08 June, 2010

Skimo Technique Training

One thing which can get overlooked in ski mountaineering racing is technique.  We focus on our technique with transitions, but less time on the real speed booster (and effort savings) our skinning technique.  Reading an article on cross country ski racing a few years ago, the author talked about how the best racers in the world weren't just great athletes, they were great skiers too.  This got me to thinking about skimo racing, how can we get faster, spend less energy, and catch our European competitors?  The answer was lying there right in front of me, Technique.
(Photo Above:  Ian Gale heading out for a light ski before competition, Andorra.  Note:  Very relaxed and efficient position)
To give you an idea of what I mean, have you ever tried skinning fast with no poles?  A difficult task to do without flailing or stepping out of the skin track while using large amounts of energy.  But finding that effeciency is not easy, and as with all training, there is no short cut.  The first thing to immediately address is core strength and balance.  A strong core will not only help every other aspect of your training, but if built over the summer and fall, even a few years, will drastically improve this poleless wobble.  Slacklining, or standing on a core ball, while in different positions, doing squats, and playing catch against a wall with a regular core ball (later upgrading to a medicine ball or other exercises) will help strengthen your core, and solidify your balance as seen in the video below.  Pardon the music and length, but you get the idea.
When old man winter does show his face, and sport specific training commences, and the off-season training will pay off.  You can begin your technique sessions by skinning on a flat surface to improve glide technique.  This will help your overall stride effeciency and technique even on steeper angles, by allowing your body to be more relaxed and focus on breathing.  Then after you begin to feel more and more comfortable, you can begin to add in skinning on an incline to improve power technique.  Your goal during both exercises will be to look and feel as stable as you would feel with poles.  When you introduce your poles back into the equation, they will just act as a power boost, allowing you to skin with a massive amount more efficiency.  The movie below shows the Spanish Skimo Team training technique on flats this way.

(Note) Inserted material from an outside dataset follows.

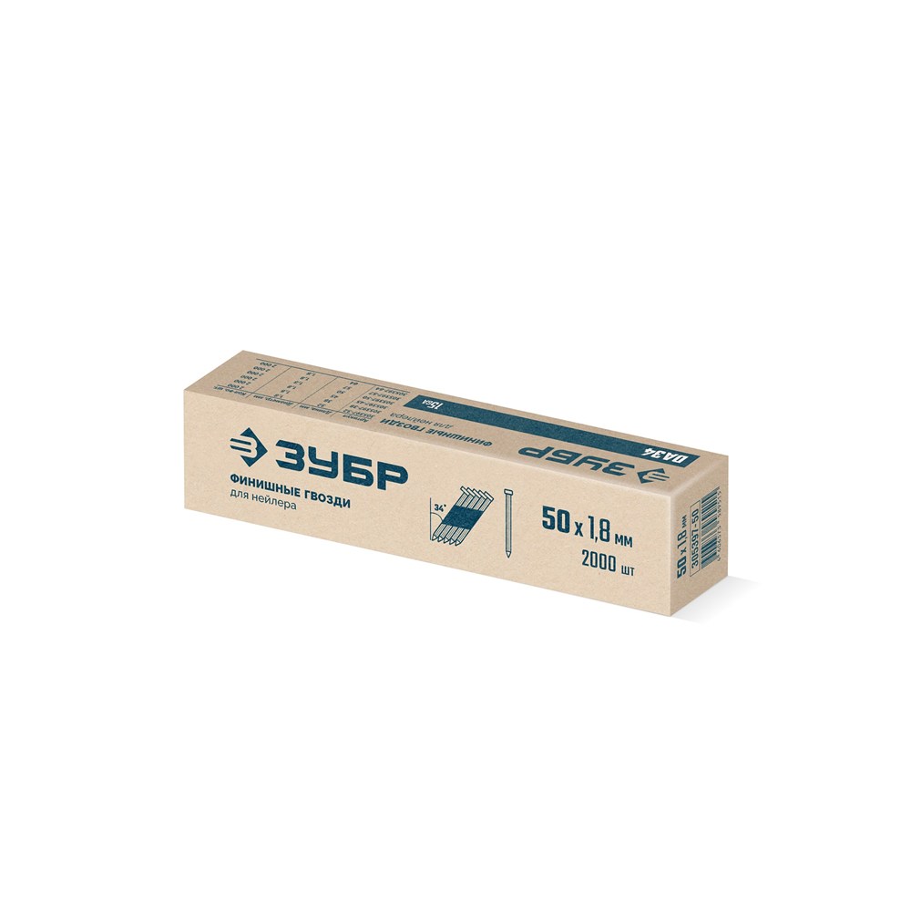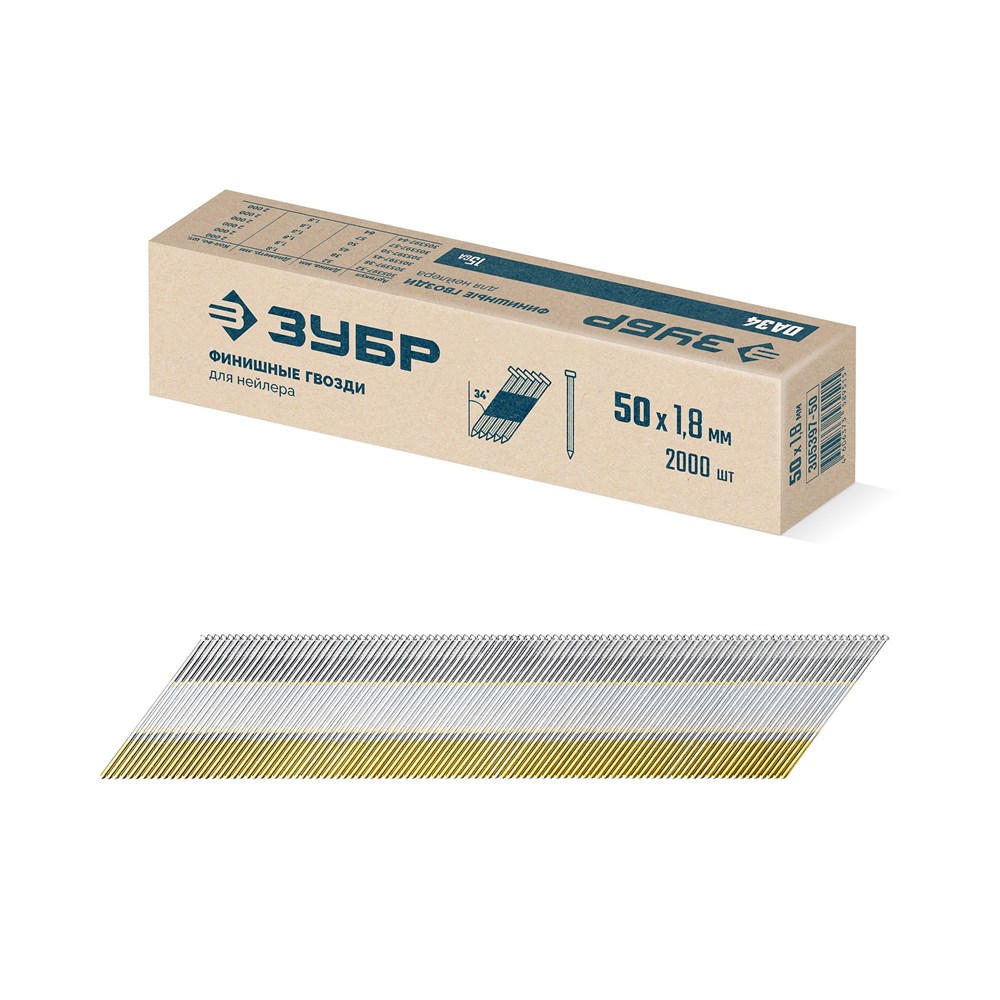 ЗУБР DA34 50 х 1.8 мм, финишные гвозди, калибр 15GA, 2000 шт (305397-50)

As Skimo Racers many of us put a huge amount of power behind each stride, which is what gives us a faster cadence and therefore speed, but it does come with a cost.  The harder we go the harder it is to maintain our balance.  Our core begins working hard again, correcting our path, in order to keep us in the skin track.  The downward spiral continues from there.  So the more practice and technique work Ski Mountaineering Racers can get, the faster they will go, by allowing the body to concentrate on breathing and not balancing.